- Coliseum Mountain Location within Alberta
- Interactive map of Coliseum Mountain

Highest point
- Elevation: 2,035 m (6,677 ft)
- Prominence: 635 m (2,083 ft)
- Coordinates: 52°30′24″N 116°06′47″W﻿ / ﻿52.50667°N 116.11306°W

Naming
- Native name: Yahareskin (Stoney)

Geography
- Location: Nordegg, Alberta, Canada
- Topo map: NTS 83C9 Wapiabi Creek

Climbing
- Easiest route: Coliseum Trail

= Coliseum Mountain =

Mountain peak in Alberta, Canada

Coliseum Mountain is a peak north of the town of Nordegg, Alberta, Canada. It is in the David Thompson Country of the Canadian Rockies. It has a summit of 2035 m. The mountain was named after its amphitheatre bowl shape resembling the Colosseum of ancient Rome. The Stoney First Nations previously named the peak Yahareskin, meaning "mountain with a cap" because of its bare summit.

== History ==
Coliseum mountain was first mapped by Sir James Hector of the Palliser Expedition in 1858. Martin Nordegg, the founder of the coal mining town of Nordegg, climbed the mountain in 1913.

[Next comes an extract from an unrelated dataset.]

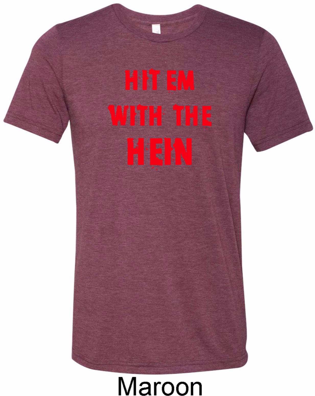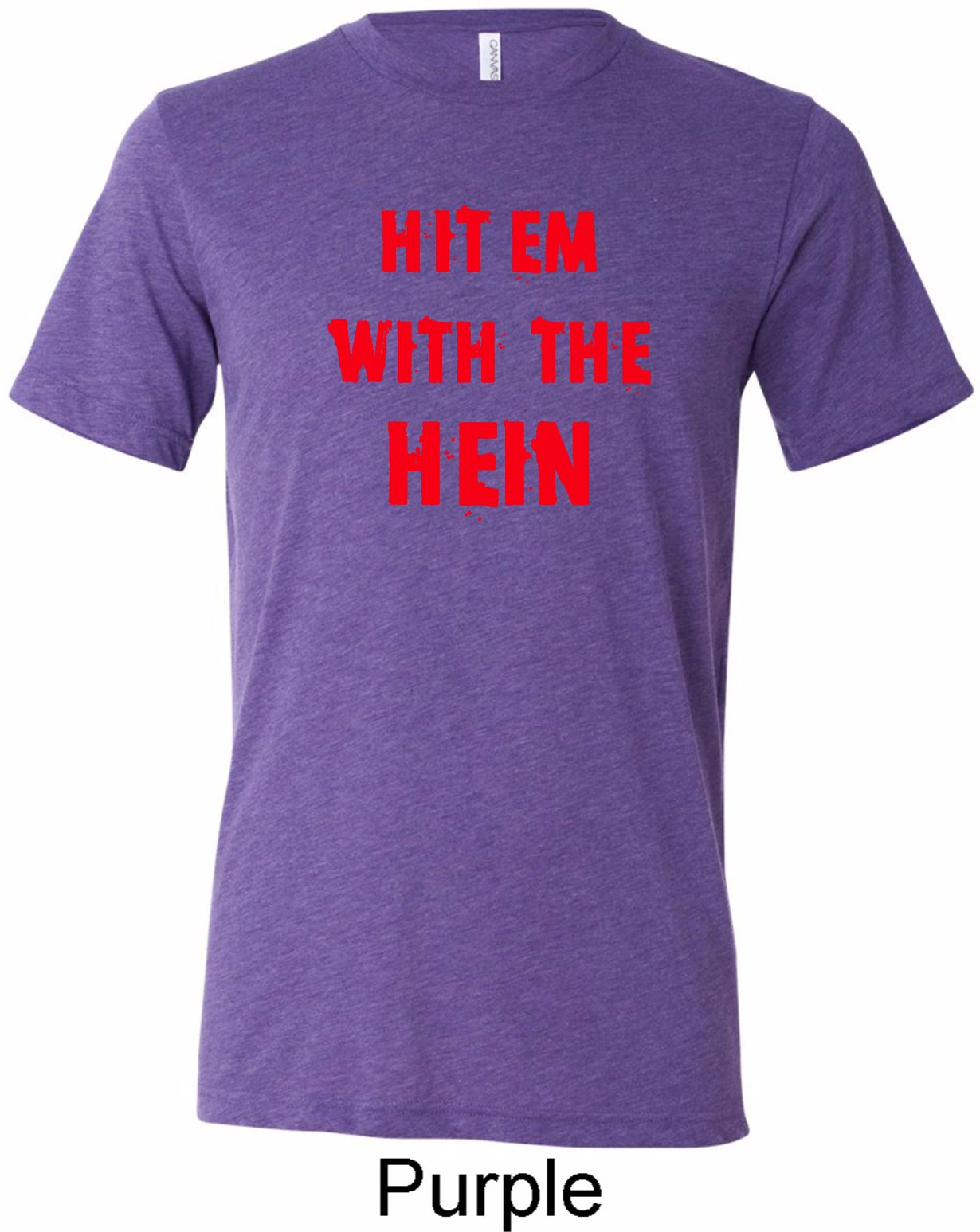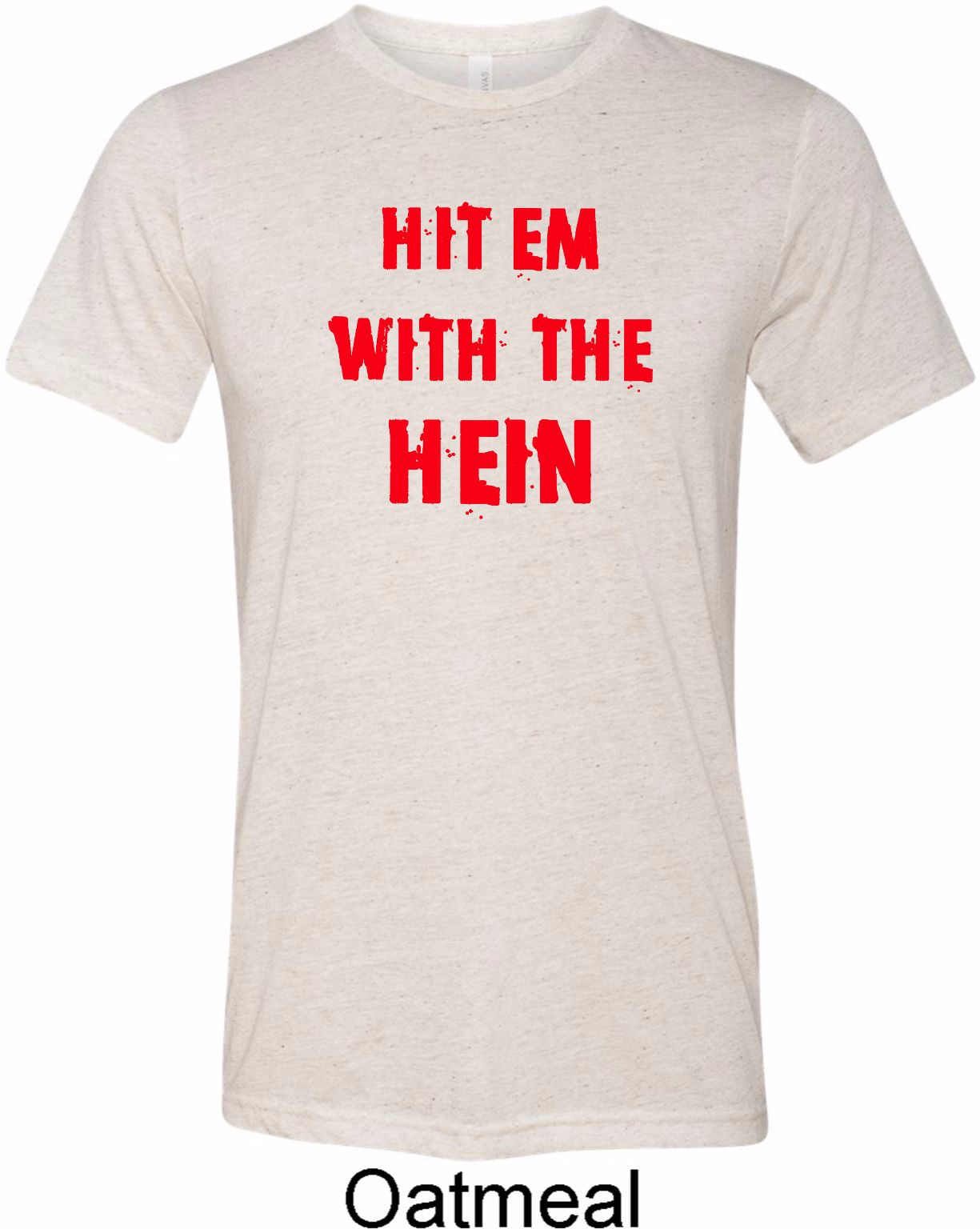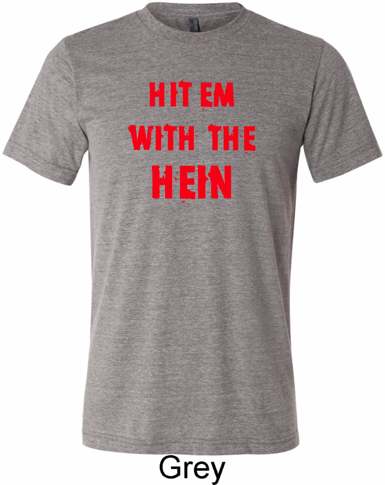 | | Mens Funny Tee Hit em with the Hein Tri Blend TeeA mens tri blend shirt featuring the funny saying Hit 'em with the Hein in red lettering. Our mens shirt is made with a blend of cotton/poly/rayon. Available in sizes Small through 3XL. Machine wash cold with like colors; dry low heat. ![]() |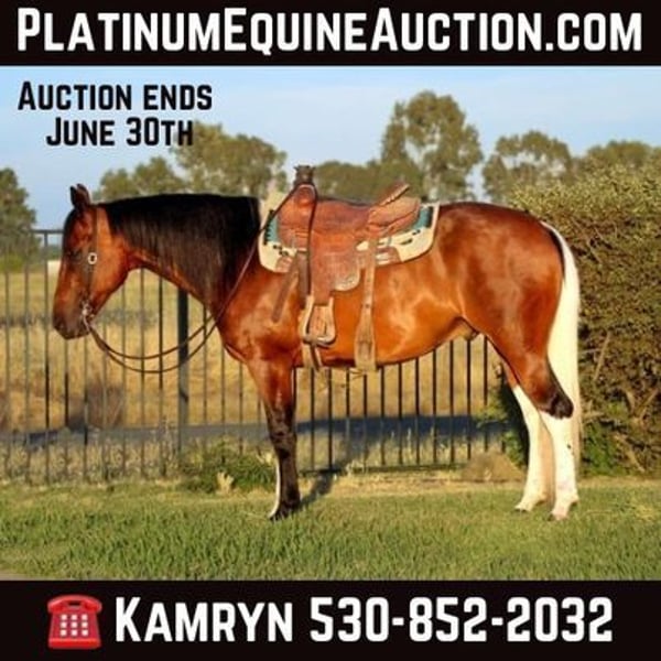 ONLINE AUCTION PLACE YOUR BIDS AT PLATINUMEQUINEAUCTION DOT COM $3500 STARTING BID AUCTION ENDS JUNE 30TH Meet Amigo a 11 year old APHA registered 15.2 hand gelding if you’re in search of a horse that commands attention and admiration in the show pen, look no further than Amigo. This magnificent horse is the pitome of elegance and versatility, making him a standout in any setting. Amigo isn’t just a horse; he’s an experience. His fancy appearance and confident demeanor turn heads and capture hearts wherever he goes. Whether in the arena, on the trails, or in town, Amigo exudes a presence that is simply unforgettable. Amigo is a seasoned trail horse with an impressive array of experiences under his belt. Amigo will go anywhere without hesitation, handling deep creeks, logs, bridges, and mud with ease. He has a brisk, efficient walk perfect for long trail rides and he will go all day long with no quit in him this boy doesn’t get tired wether your climbing mountains or just going down the neighborhood trails. Amigo is unfazed by bikes, scooters, strollers, hikers, quads, semis, rushing traffic, and wildlife. One of Amigo’s favorite activities is swimming and playing in the water, where he loves to splash and cool off after a hot day of riding. Amigo is just as impressive in the arena as he is on the trails. His extensive training ensures he performs beautifully and responds accurately to commands: – Knows His Leads: Seamless transitions that highlight his training. – Slide Stops and Spins: Demonstrates advanced skills with precision. – Works Off Your Legs: Highly responsive to leg cues. – Backs Up and Side Passes: Perfect for opening gates and intricate maneuvers. – Walk/Trot/Lope on a Loose Rein: Offers a smooth, relaxed ride in all gaits. – Smooth, Slow Rocking Horse Lope: Provides a comfortable and desirable riding experience that everyone covets. With his natural talent and training, Amigo is poised to excel in the show pen. His capabilities make him an ideal candidate for on-the-rail ranch riding classes and other competitive events. His striking appearance, combined with his smooth movements and responsiveness, will undoubtedly make him a favorite among judges and spectators alike. Amigo is a substantial horse, built to carry riders with ease. His size and strength make him a versatile choice for a variety of riders, ensuring comfort and confidence in any situation. Amigo is a rare gem, offering an unparalleled combination of beauty, versatility, and an easy-going nature. His extensive experience, both on the trails and in the arena, makes him a valuable addition to any equestrian family. If you’re ready to add a show-stopping superstar to your stable, Amigo is the horse for you. He loads in the trailer easy as pie. Stands to be saddled, groomed, bathed. He is great in a stall or in a pasture with others. He is UTD on shots, teeth, worming, and shoes. Contact us today, KW RANCH Kamryn 530-852-2032 to schedule a visit and see Amigo in action. He’s ready to meet you and become your next equine partner! Located in Pleasant Grove, CA.

Forestry Rangers went to the top of Coliseum as early as 1914 to scout the land for forest fires. A mountain fire lookout was built on the peak in 1927, when Nordegg was an up and running coal mining town. Some residents of Nordegg remember climbing up Coliseum to deliver mail to the ranger stationed in the lookout.

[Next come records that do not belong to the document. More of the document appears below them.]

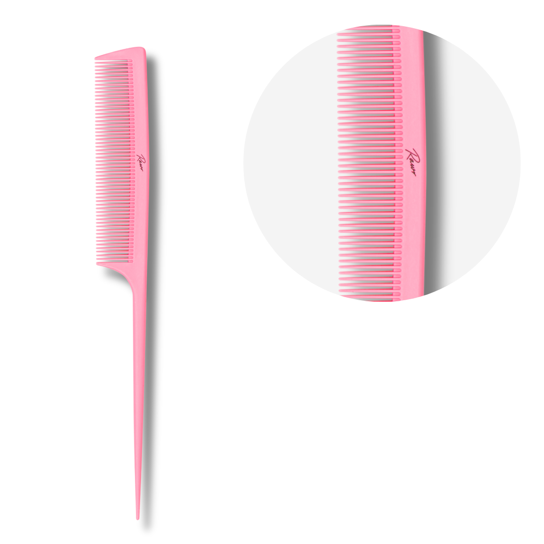 Styling comb with plastic tail. Key benefits: ideal for creating neat sections and partings when styling or colouring hair. Perfect for teasing hair when creating up-do styles. Can be used on wet or dry hair. Suitable for all hair types. Rawr recommends: use this comb for creating neat sections in your hair, simply glide the tail across the scalp, flip and comb your section before putting in your rollers.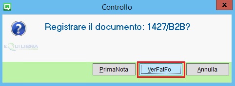 Se ci sono movimenti di magazzino da verificare riferiti al fornitore, viene richiesto se usare Registrazione Prima nota o Verifica Fatture fornitori: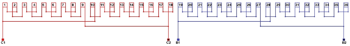 Схема соединений однофазной обмотки, количество параллельных ветвей а=2.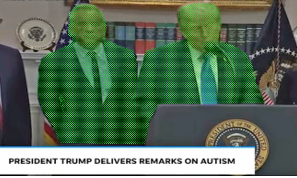 Fresh from his Charlie Kirk Grieve-a-thon, on Monday our President stood before the American people with HHS Secretary Kennedy, CMS administrator Mehmet Oz, and other national health officers to announce what they claim is a link they’d discovered between pregnant women taking Tylenol and autism, and the President said (from the transcript):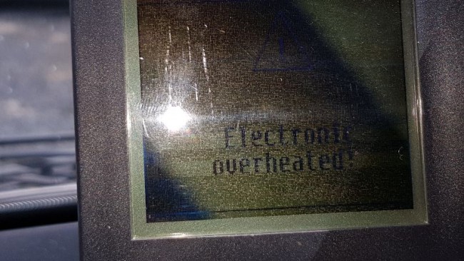 Na wyświetlaczu sterującym zasilaniem zabudowy pojawia się napis: "elektronic overheated" - tłumaczenie w/g googla: elektronika przegrzana.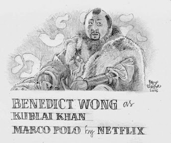 Did you see the Netflix mini-series, Marco Polo? I enjoy sketching characters from costume dramas with elaborate, ornate costumes. Kublai Khan, played by Benedict Wong, was such a character. His costume was among the most complex and detailed that I have seen in any film. Unfortunately, 72 dots per inch doesn't translate well onto the screen. Much of the detail is lost. But Wong's character was fun to sketch.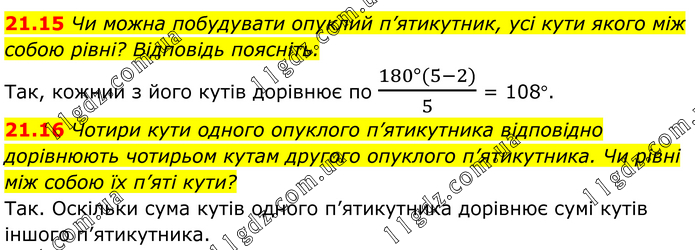 21.15 Чи можна побудувати опуклий п’ятикутник, усі кути якого між собою рівні? Відповідь поясніть. Так, кожнии з його кутів дорівнює по (180°(5-2))/5 = 108°. 21.16 Чотири кути одного опуклого п’ятикутника відповідно дорівнюють чотирьом кутам другого опуклого п’ятикутника. Чи рівні між собою їх п’яті кути? Так. Оскільки сума кутів одного п’ятикутника дорівнює сумі кутів іншого п’ятикутника.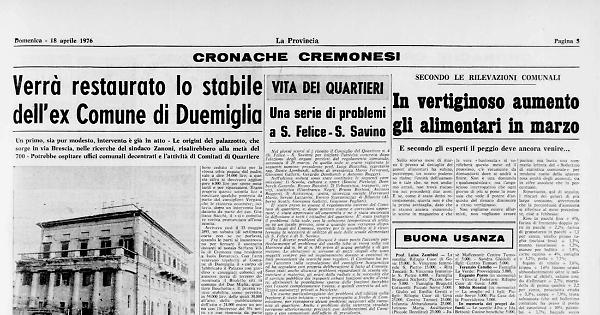 Riportiamo per sommi capi il risultato di una indagine svolta dagli uffici comunali su diretto interessamento del sindaco Zanoni, sempre sensibile al problema del recupero culturale di Cremona.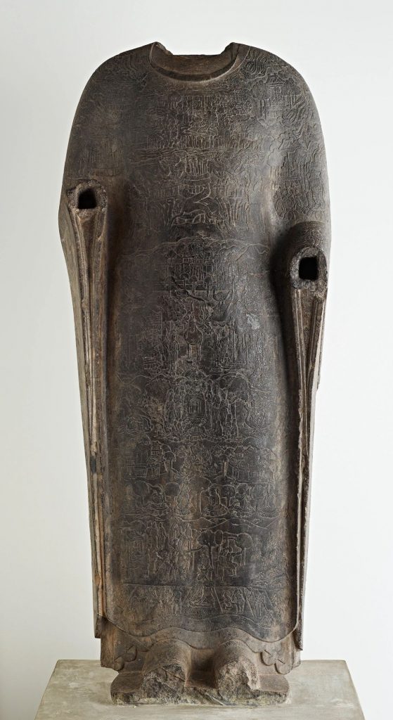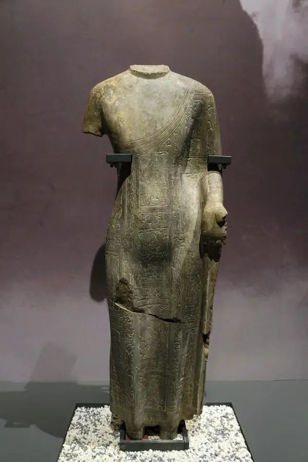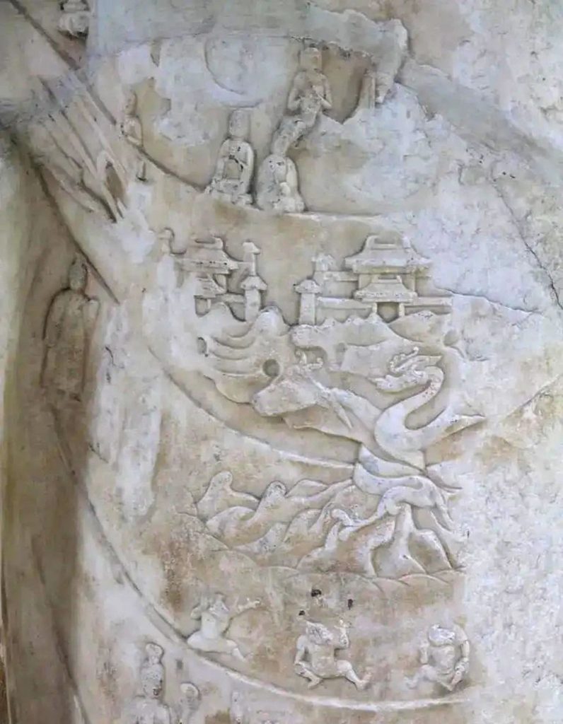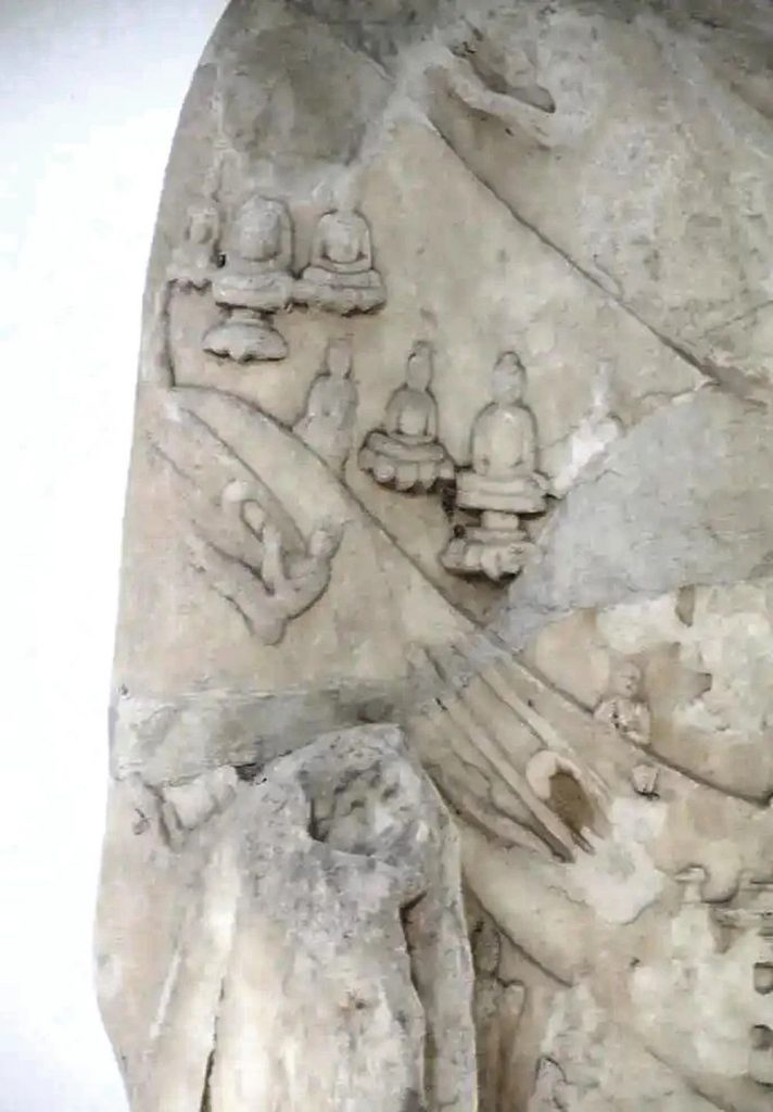 此像头手足已残缺,刻画袒右袈裟,袈裟正面分成纵向三列的界格,每列再分四五格,界格内刻画图案。界格内画面先是用减低浅浮雕的手法可出画面,画面上再用阴线刻手法刻出人物细节。但此像似乎尚未完工,因为线刻部分只刻了几个人物,因此,要具体识读画面的详细内容有相当大的困难。仅从画面上大致内容判断,似乎是有关《华严经》中六道轮回经义的图像。

The lumber was hauled by packhorses to the top of the mountain to build the lookout tower, the first fire lookout in Alberta. Construction was under the supervision of District Forest Ranger Bill Shankland.
The people of Nordegg claim that the fire lookout ranger during the coal mining days of the 1950s, Leo Letourneau, "passed time by turning his telescope on town activities, the children nicknaming him "Old Leo". This lookout has since been moved to the top of Baldy Mountain in the 1955, the neighbouring mountain just west of Coliseum.

==Hiking==
Coliseum mountain is a popular hike for those traveling to Nordegg and along the David Thompson Highway.
The most common way to the summit of Coliseum is up the Coliseum Trail, a 6.5 km trail or a 13 km return hike up a non-motorized switchback trail, gaining 635 metres (2083 ft) of elevation. The Coliseum Trail Staging Area can be accessed by taking the Shunda Creek Road through the Nordegg North Subdivision and following the signed arrows along the road, to Baldy Mountain Road up to Eagle Drive.

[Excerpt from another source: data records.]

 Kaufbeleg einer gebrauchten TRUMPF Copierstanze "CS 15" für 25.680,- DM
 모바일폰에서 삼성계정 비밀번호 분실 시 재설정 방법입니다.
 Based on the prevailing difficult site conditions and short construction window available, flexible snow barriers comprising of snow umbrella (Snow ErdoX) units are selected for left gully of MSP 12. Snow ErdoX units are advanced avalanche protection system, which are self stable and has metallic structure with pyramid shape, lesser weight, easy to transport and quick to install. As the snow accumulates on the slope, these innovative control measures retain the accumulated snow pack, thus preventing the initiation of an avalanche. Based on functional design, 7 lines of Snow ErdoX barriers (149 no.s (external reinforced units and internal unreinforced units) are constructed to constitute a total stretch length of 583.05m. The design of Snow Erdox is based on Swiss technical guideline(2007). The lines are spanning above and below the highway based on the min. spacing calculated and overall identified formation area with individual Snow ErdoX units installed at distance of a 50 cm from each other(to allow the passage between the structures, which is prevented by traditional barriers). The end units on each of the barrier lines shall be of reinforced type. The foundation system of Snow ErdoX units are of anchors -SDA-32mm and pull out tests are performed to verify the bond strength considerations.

The Ridgeline Trail is a longer, more challenging and less used trail to the summit. It is a 7.2 km trip to the peak or a 14.4 km return trip beginning at the Ranger Station, east of the town of Nordegg just off the David Thompson Highway. It climbs the ridge across from the Beaverdam Provincial Recreation Area.

There is also the Ranger Station Trail, beginning at the Ranger Station and following the base of the mountain, eventually connecting with the Coliseum Trail or the Ridgeline Trail.
Some people choose to climb up the front face of the mountain, beginning at the Coliseum Staging Area. However, this trail is challenging and not clearly marked, with difficult scree sections, some scrambling and steep climbs.